▸ **Aim of the task**
Write out every record exactly as it appears. Skip the pictures.

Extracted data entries

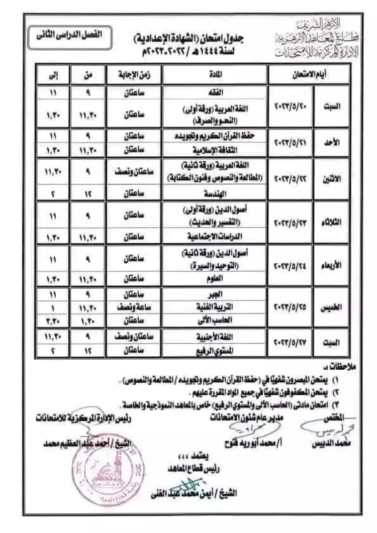 ونرصد لكم جدول امتحانات الشهادة الإعدادية الأزهرية الترم الثاني كالتالي:
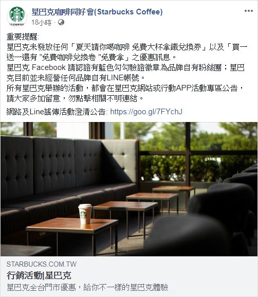 文中強調「所有星巴克舉行之行銷活動,均會於星巴克網站或行動APP活動專區中公告,請消費者多加留意以免受混淆。」該文同時附上多張「假優惠活動」提供顧客參考對照。
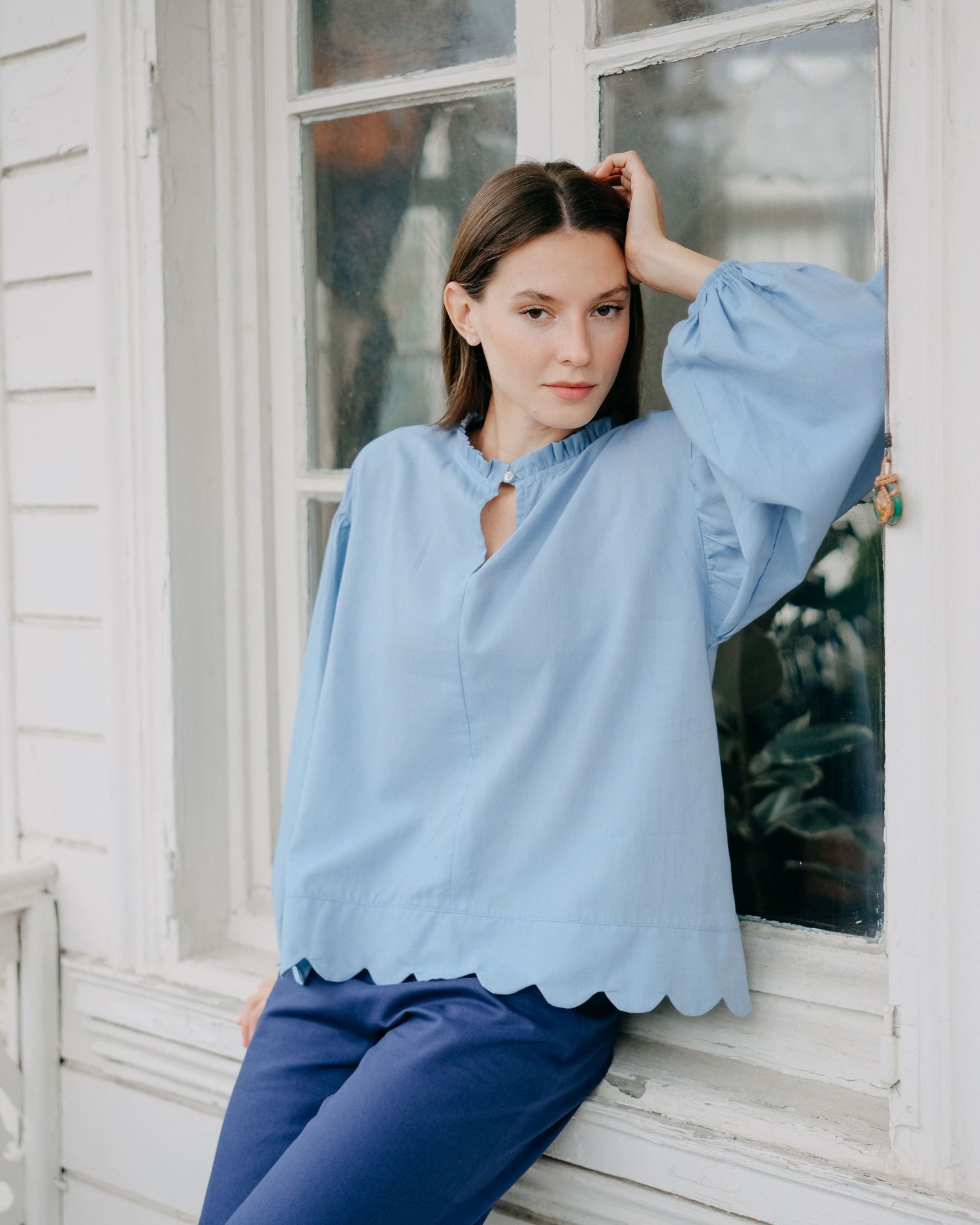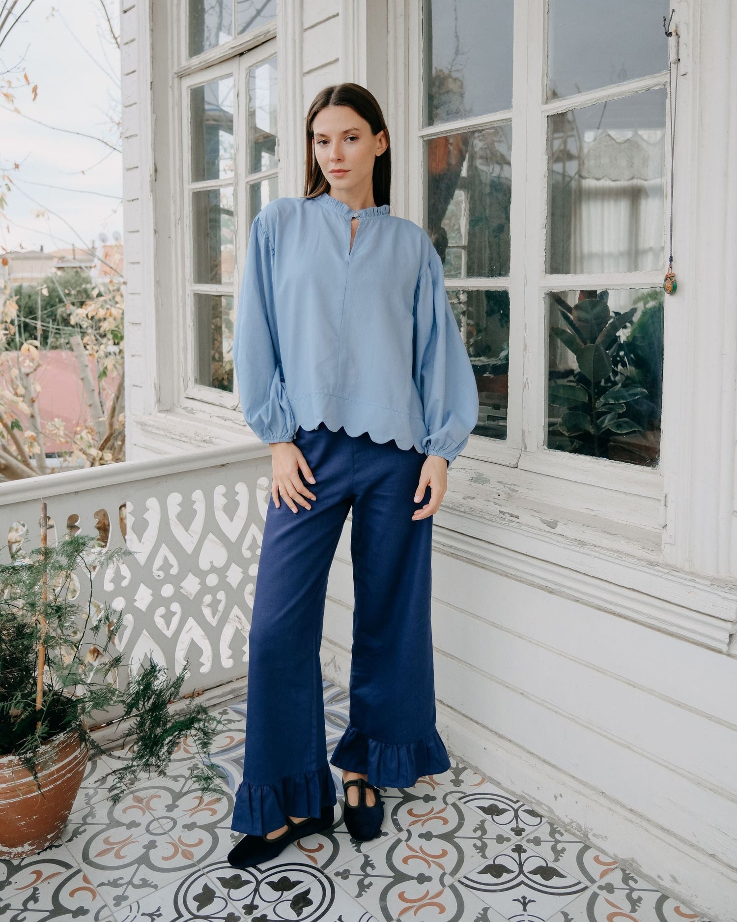 Mama in Love’ın ikonik Margot Bluzu, dilimli etek ucu detayıyla yeniden yorumlanıyor. Fırfır detaylı bisiklet yaka üzerinde yer alan V kesim mini dekolte ve tek sedef düğme, tasarıma zarif bir vurgu katıyor. Balon kolların ucundaki lastikli bitiş, silüeti dengelerken rahat bir kullanım sunar. Tam kalıbıyla gün boyu konforlu ve dengeli bir duruş sağlar.
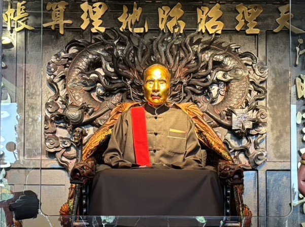 蔣介石はかつて台湾の地で権威をふるった総統です。ステッキを持ってさわやかにたたずむ彼が廟の中にいます。
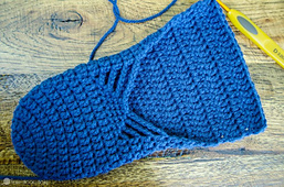 This slippers pattern starts at the toe working in rounds, then in rows until desired length is reached, then around the top to cinch things up!

▸ **Result for this task**
 ونرصد لكم جدول امتحانات الشهادة الإعدادية الأزهرية الترم الثاني كالتالي:
 文中強調「所有星巴克舉行之行銷活動,均會於星巴克網站或行動APP活動專區中公告,請消費者多加留意以免受混淆。」該文同時附上多張「假優惠活動」提供顧客參考對照。
 Mama in Love’ın ikonik Margot Bluzu, dilimli etek ucu detayıyla yeniden yorumlanıyor. Fırfır detaylı bisiklet yaka üzerinde yer alan V kesim mini dekolte ve tek sedef düğme, tasarıma zarif bir vurgu katıyor. Balon kolların ucundaki lastikli bitiş, silüeti dengelerken rahat bir kullanım sunar. Tam kalıbıyla gün boyu konforlu ve dengeli bir duruş sağlar.
 蔣介石はかつて台湾の地で権威をふるった総統です。ステッキを持ってさわやかにたたずむ彼が廟の中にいます。
 This slippers pattern starts at the toe working in rounds, then in rows until desired length is reached, then around the top to cinch things up!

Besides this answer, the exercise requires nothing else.